Reuters article on Jerusalem Women Speak tour
20 April 2004
Reuters article on Jerusalem Women Speak tour
Three Women Seek Human Face for Mideast Crisis
Tue Apr 20, 2004 09:04 AM ET
By Andrea Shalal-Esa
WASHINGTON (Reuters) – Three women from Jerusalem — a Muslim, a Jew and a Christian — headed home this month after three weeks in the United States sharing their suffering and hopes for Middle East peace. But the odds are against any kind of a reunion when they get there.
Michal Sagi, a 35-year-old Jewish Israeli, lives in West Jerusalem, but says military checkpoints will make it difficult, if not impossible, for her to visit Nuha Khoury, a 41-year-old Christian Palestinian who was born in Jerusalem but now lives in Bethlehem, just 4.9 miles [away].
The third woman, Muslim Palestinian Nahla Assali, who is 65, lives in Beit Hanina, an area north of Jerusalem that is practically impossible for Israelis like Sagi to visit.

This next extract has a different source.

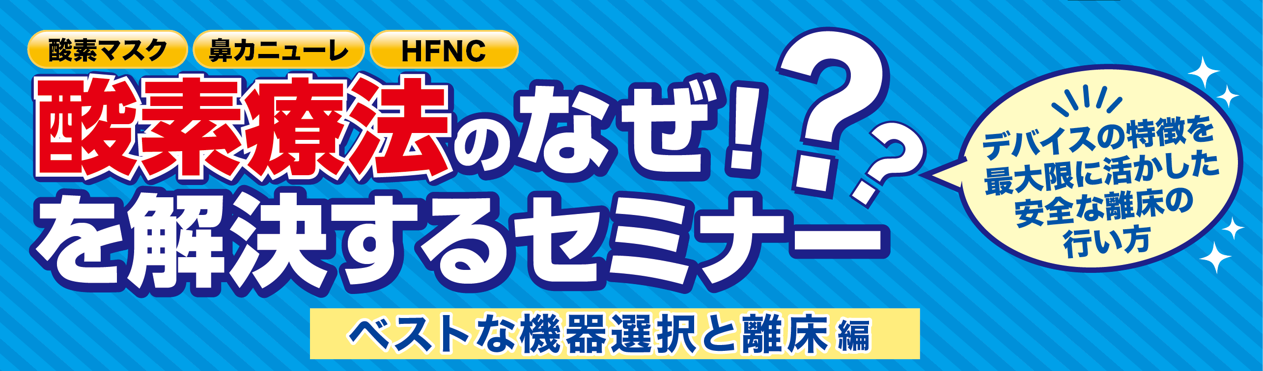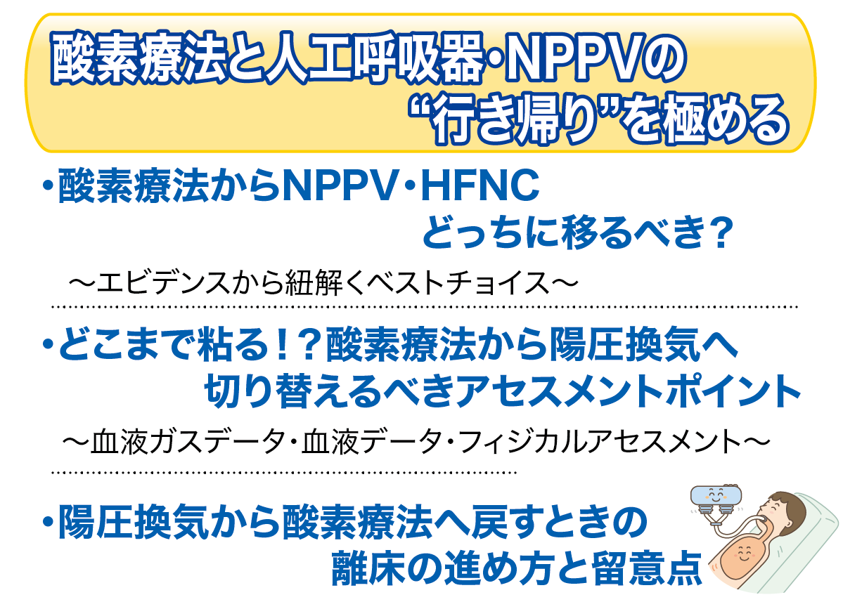 酸素療法の種類は色々あるけれど、流量と酸素濃度を守っていれば大丈夫と思っていませんか?実はその考えはキケン。デバイスの特徴をちゃんと知らないと、呼吸状態が悪化して急変につながることも…この講座では、多岐にわたる酸素療法の知識を日本離床学会講師陣がわかりやすく明快に解説。デバイスの選択と人工呼吸器と酸素療法の行き来について理解を深め、グンと臨床力を引き上げます。さあ、酸素療法の知識を今こそ見直して、日々の臨床に自信を加えてみませんか?

Jewish and Palestinian peace activists do work together, but crossing the boundaries between Israel and the Occupied Territories has become increasingly difficult in the wake of suicide bombings, targeted assassinations and daily tensions.
“There is cooperation, but it is not very easy,” Sagi told the audience in Washington this month when the three women spoke at Georgetown University’s Center for Contemporary Arab Studies. It was one of the final stops on a 17-day speaking tour that also including stops in North Carolina, Virginia and Maryland.
Jerri Bird founded the U.S. nonprofit group Partners for Peace that has brought a trio of different Jerusalem women to the United States each year since 1998 to discuss the everyday challenges of life in Israel and the West Bank.
It is a rare opportunity for Palestinian and Israeli women to spend time together in person, rather than just via e-mail.
“We are trying to bring to people the part of the story that is not covered in the media … the voices they never hear,” said Bird, who is already planning the next tour to take three more Jerusalem women to the West Coast this fall.
DIFFERENT MEANS, SAME END: PEACE
Each of the three women works for peace in her own way.
Although they didn’t know each other beforehand, their positions are remarkably similar, each condemning Palestinian suicide bombings and Israeli targeted assassinations, while working for a peaceful two-state solution. They all agree that the Israeli-Palestinian conflict is about land, not religion.
Khoury, who lived in the United States for 15 years and completed a doctorate in Islamic history here, says U.S. media often focus on “big news” like bombings and missile attacks, while failing to show the harsh realities of daily life.
“Nobody is interested (in humanizing) the Palestinian story … or the Israeli story,” she says. “That is why we are here.”
For instance, she says 97 percent of Palestinian children between the ages of 10 to 19 are suffering from post-traumatic stress syndrome, and 89 percent of them have personally seen a shooting. Fifty percent of children are malnourished, and 60 percent of Palestinian families lack food security, she says.
“This is a society that is economically shattered,” says Khoury, who heads the Dar al-Kalima Academy, which provides education and training to Palestinians in Bethlehem.
“Even if we get a Palestinian state, it will take two generations in order to recover,” adds Khoury, whose father died this January when he was denied passage past a checkpoint on the way to the hospital after suffering a heart attack.
Assali, recently retired after 25 years of teaching English at Bir Zeit University near Ramallah, co-founded and chairs Project Loving Care, a child-sponsorship program, as well as an informal training center for women and children in Jerusalem.
Assali and her family fled West Jerusalem in 1948 after the Deir Yassin massacre on the eve of the war, and were never allowed to return to their family home.
“I have seen enough. The cup of endurance is overflowing,” she said.
EXCLUSIVE USE OF ROAD
Assali, a petite, soft-spoken woman, grows emotional as she shows a picture of her backyard, newly dissected by a massive four-lane road being built by Israel exclusively for the use of Israeli settlers to connect East and West Jerusalem.
She warns that construction of roads like these, and the 25-foot wall being erected by Israel will displace more Palestinians from their lands, and add to the hundreds of thousands of refugees scattered throughout the Arab world.
Israel says it needs the barrier as a shield against suicide bombers, but Palestinians call it a new “Berlin Wall” and say it dims prospects for a viable Palestinian state.
Sagi, a teacher and activist with Checkpoint Watch, a group that monitors Israeli military checkpoints, says she worries about her own society growing more violent and racist as the occupation continues, noting that domestic violence is rising.
“Being an occupier does us no good,” she says.
So on her one day off each week, she rises at 6 a.m. to monitor checkpoints, monitoring human rights abuses and advocating for Palestinians who must cross the checkpoints daily to get to work, school and hospitals.
“My voice is not alone,” says Sagi. “We are a growing minority, and our voices are growing larger and larger.”